Gerunds, infinitives, and participles, OH MY! Yeah. . .they are not the most titillating thing in the world to teach. In fact, when I had to teach the unit, I had to relearn all the terminology all over again (honestly, I don’t even recall any of my teachers specifically teaching the “gerund.” Hmmmm). Thus, why I think the most confusing aspect of the Verbals is the gerund: firstly, it’s hard to pronounce, and, secondly, what the HECK is its function?! (Even though I pronounced it correctly several times a day, half the students still insisted on calling it a “Grrrr-uh-nd.” Um. Nope, but as long as you know what it does, you could call it “Sally” for all I care! 🙂 )
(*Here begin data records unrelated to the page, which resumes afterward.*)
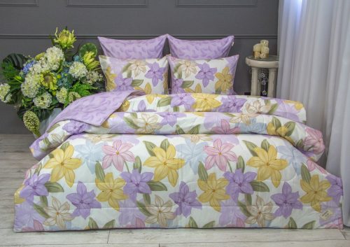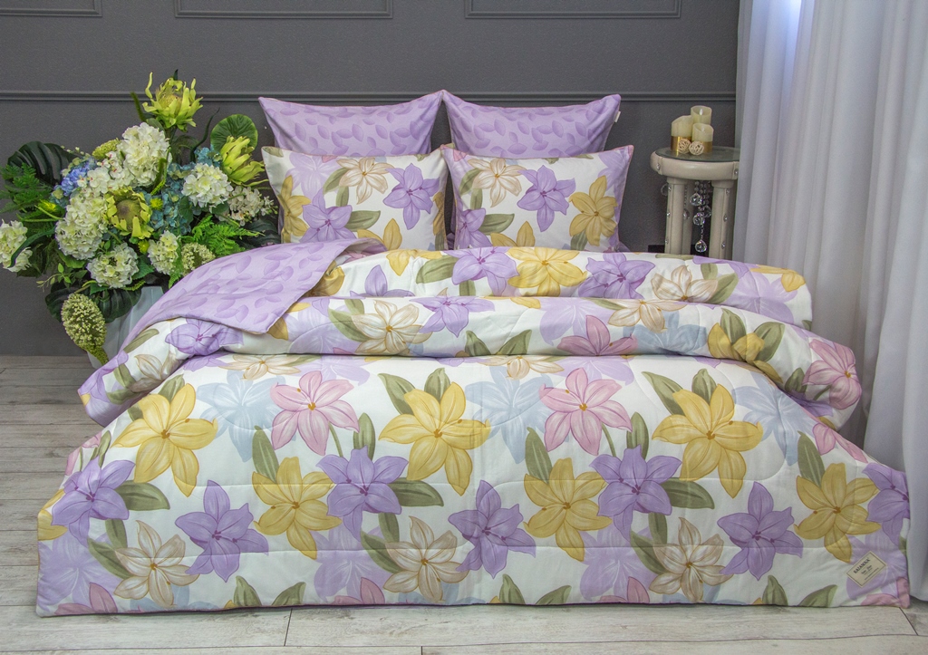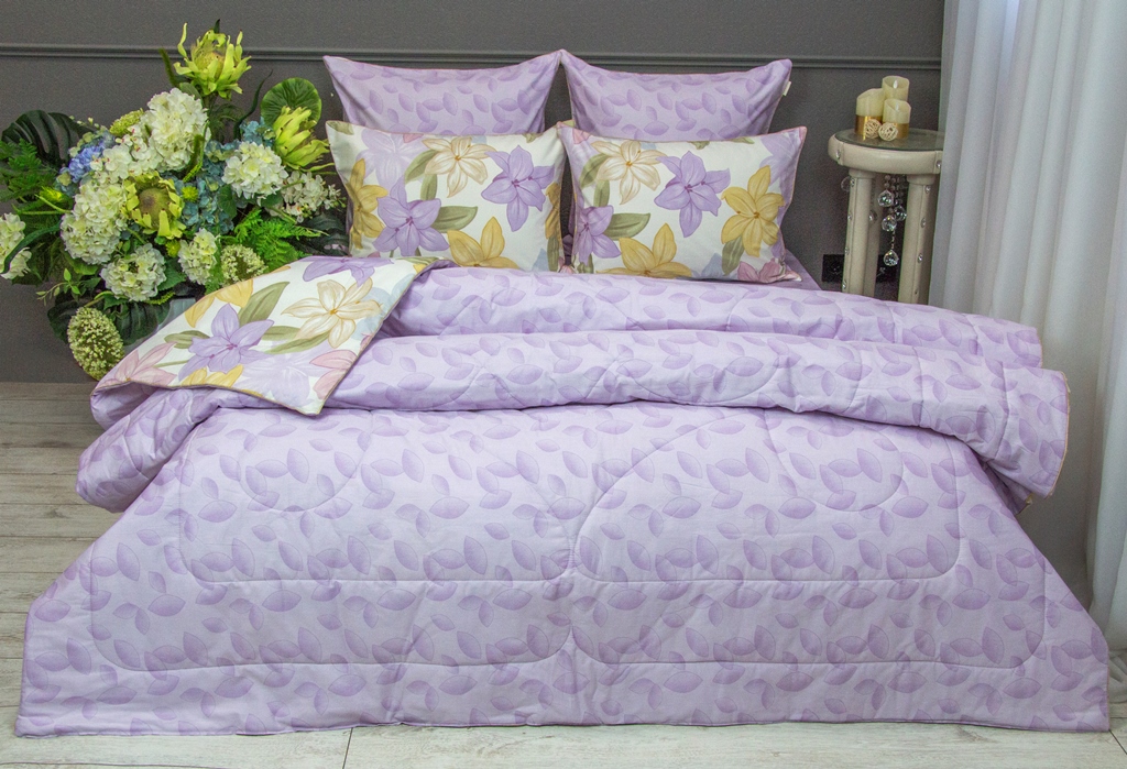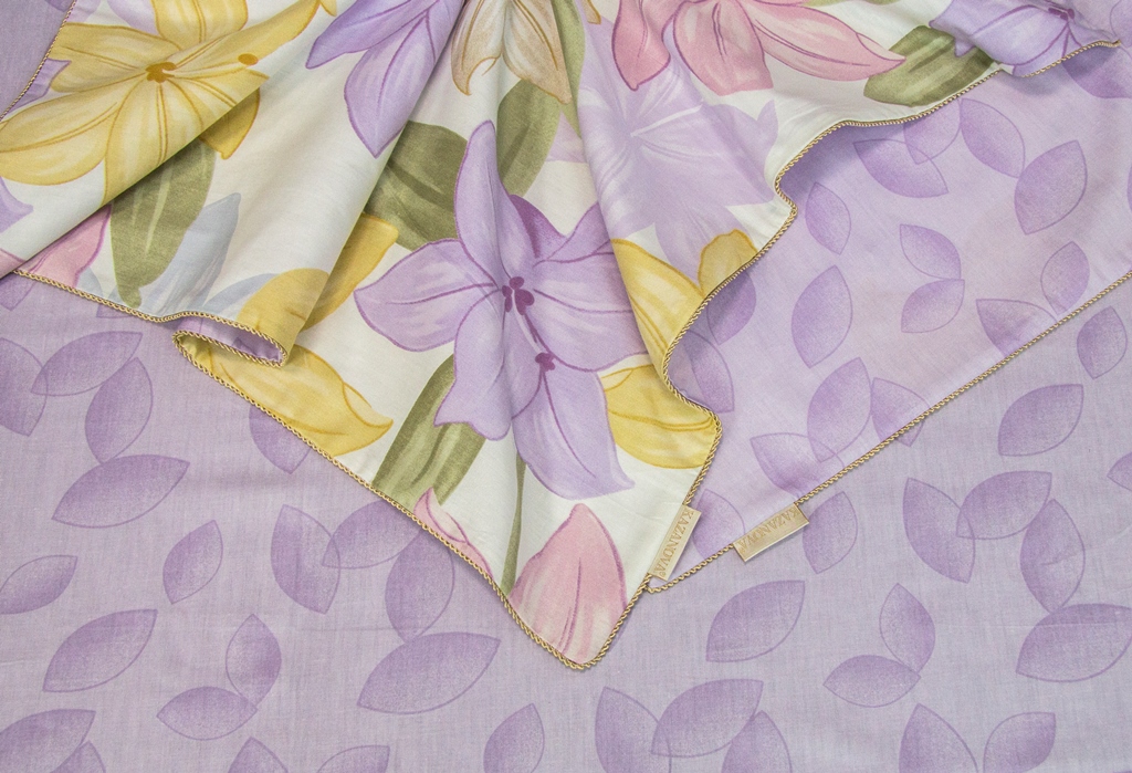Всесезонная коллекция «Dolce Fiore Cotton» представляет собой комплекты постельного белья и легких двусторонних одеял, в комбинации цветного и однотонного сатина высокого качества. Комплект состоит из легкого двустороннего одеяла, с оригинальным дизайном стежки, отделанное кружевом с бахрамой с 3х сторон. Легко стирается, не требует глажки, быстро высыхает, что позволяет пользоваться им в любое время года.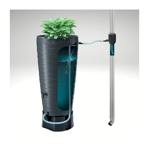 Tvertne lietus ūdens uzkrāšanai SAM ar noņemamu vāku – puķu podu. Aprīkota ar 2 caurumiem krānam un ūdens ieplūdes šļūtenes savienošanai. Krāns (1/2 colla) un ūdens savācējs/novirzītājs nav iekļauts komplektā. Iekļauts statīvs/pamatne. Tilpums: 240L. Izgatavota no UV izturīga polipropilēna. Izmēri: platums 590mm, dziļums 590mm, augstums 1140mm. Caur notekcaurulēm pa ūdens savācēju/novirzītāju lietus ūdens tiek novadīts uz tvertni. Pieejamās krāsas: antracīta pelēka un pelēka. Svars: 7kg.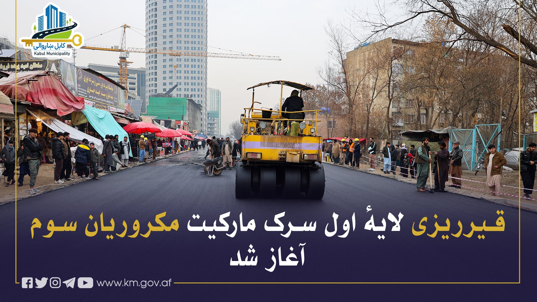 کار قیرریزی لایهٔ اول سرک مارکیت مکروریان سوم در مربوطات ناحیهٔ نهم بهطول ۶۲۱ متر آغاز شد و قرار است بهزودی تکمیل و به روی ترافیک باز شود.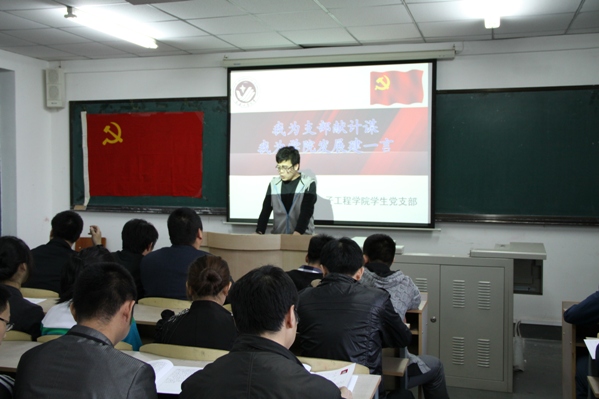| 公司员工党支部举行“我为支部献计谋,我为公司发展建一言”支部组织生活会 为深入贯彻落实科学发展观,提升员工党员的责任感,坚定党员的理想信念,按照公司员工党支部“创先争优”活动方案具体安排。公司员工党支部于5月19日17时,在南湖校区主楼1401室召开了“我为支部献计谋,我为公司发展建一言”组织生活会。公司员工党支部书记郑洪斌、赵爽,辅导员朱博参加了本次组织生活会,会议由赵爽老师主持。

Anywho, I came up with a “trick” that works almost every time when trying to detect a gerund in a sentence. I call it the “IT” rule. “IT” definitely helped my students become much more clear on if the -ing word was a gerund or just a participle. So here is my simple “IT” trick:
Because a gerund functions as a noun, I taught my students to replace the -ing word with a noun in the sentence: “IT.” If the sentence still makes sense, it’s probably (stress the probably) a gerund. For example:
Example 1: She loves dancing.
Change to: She loves IT.
YEP! We have a gerund!
Example 2: She is dancing in the rain.
Change to: She is IT in the rain.
Hmmm, NOPE. Not a gerund.
You may not like this trick or it may work really well for you. Either way, I am just glad I can share!